NaBloPoMo ~ January 14, 2014

1 A January 2014 BlogHer

Tuesday, January 14, 2014
Marge Piercy said: “A strong woman is a woman determined to do something others are determined not be done.” Tell us about a time when you did what couldn’t be done.


I can not say that I did something that couldn’t be done, but I did do something that others were determined not to be done.
After years of substitute teaching, I was hired into my local school system to begin a new project, building it from ground zero. The McKinney-Vento Homeless Children and Youth Act (MVHCY) had just been signed into law. The law stated that every school district had to have a Homeless Children and Youth Liaison. That would be me.
The McKinney-Vento Homeless Children and Youth Act (MVHCY) went a little further, than the Housing and Urban Development (HUD), in their definition of homelessness. The MVHCY included: People who are living in a place not meant for human habitation; People who are losing their primary nighttime residence, which may include a motel or hotel or a doubled up situation; Families with children or unaccompanied youth who are unstably housed and likely to continue in that state.
I was very pleased to find that HUD has upgraded their definition of homeless, while looking up information for this post. Read more at:
I educated myself on the MVHCY by, reading the law itself, visiting the National Center for Homeless Education and the National Association for the Education of Homeless Children and Youth websites for ideas, and attending Local, Regional, and National Conferences. I began putting MVHCY posters up at camp grounds, hotels/motels, laundry mats, and all of the county schools I covered. I talked at teacher’s meetings, principal’s meetings, several clubs and organizations, and the public in general. The main reaction I got was, “We don’t have homeless people in this county.” My response, “Well, allow me to educate you a little bit.” Then I would let the numbers roll off my tongue. Most of it met deaf ears, but I did my best.

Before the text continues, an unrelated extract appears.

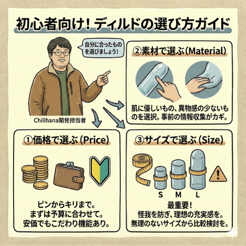 ディルドは先述した通り、挿入型のグッズになるので、選び方はかなり重要です。

I made sure every school administrator’s, counselor’s, and teacher’s had a copy of MVHCY. The MVHCY began to build against all resistance. I’m not going to go into any detail, but I soon realized the politics of the school system and the many laws they broke trying to get money out of children who didn’t have any and telling homeless youth they couldn’t enroll them because they didn’t have a parent. I often acted as liaison, for these students, to help get them enrolled. I spoke out against these transactions only to be reprimanded. Once, I even got yelled at, by an irate principal, in the hall of the school! I was just doing my job. I was there for the children and youth, not for the administrators.

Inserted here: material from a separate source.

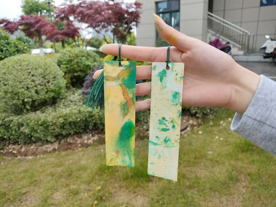 由于活动的火爆,扇子的数量有限,后来的同学们纷纷转而选择了空白卡片和书签,以继续体验漂漆的乐趣。同学们手持画笔,精心构思,将心中所想化为一幅幅美丽的图案。他们将卡片或书签缓缓浸入水中,随着漆料的附着,白纸上渐渐展现出斑斓的色彩和独特的花纹。每一件作品都是独一无二的艺术品,凝聚着同学们的创意与心血。DIY结束后,同学们还在漆扇和书签上盖上了印有“suncitygroup太阳集团”字样的印章,纪念这一段美好的创作时光。不仅员工参与其中,过往的路人也被这浓厚的创作氛围所吸引,纷纷加入到漆扇DIY的队伍中,分享创作的喜悦与成就感。

My boss was very supportive. She often praised me for the job I was doing, but eventually school politics got to her too. She asked me to tone it down a bit. When I talked to the NAEHCY about the problem, they told me to follow the law and keep reminding administrators of the law.
After nine years, those that were determined my job would not be done, broke me; mentally and physically. With mounting health problems, I resigned my job.
I pray that during my nine years as MVHCY Liaison, I helped some children and youth in some way.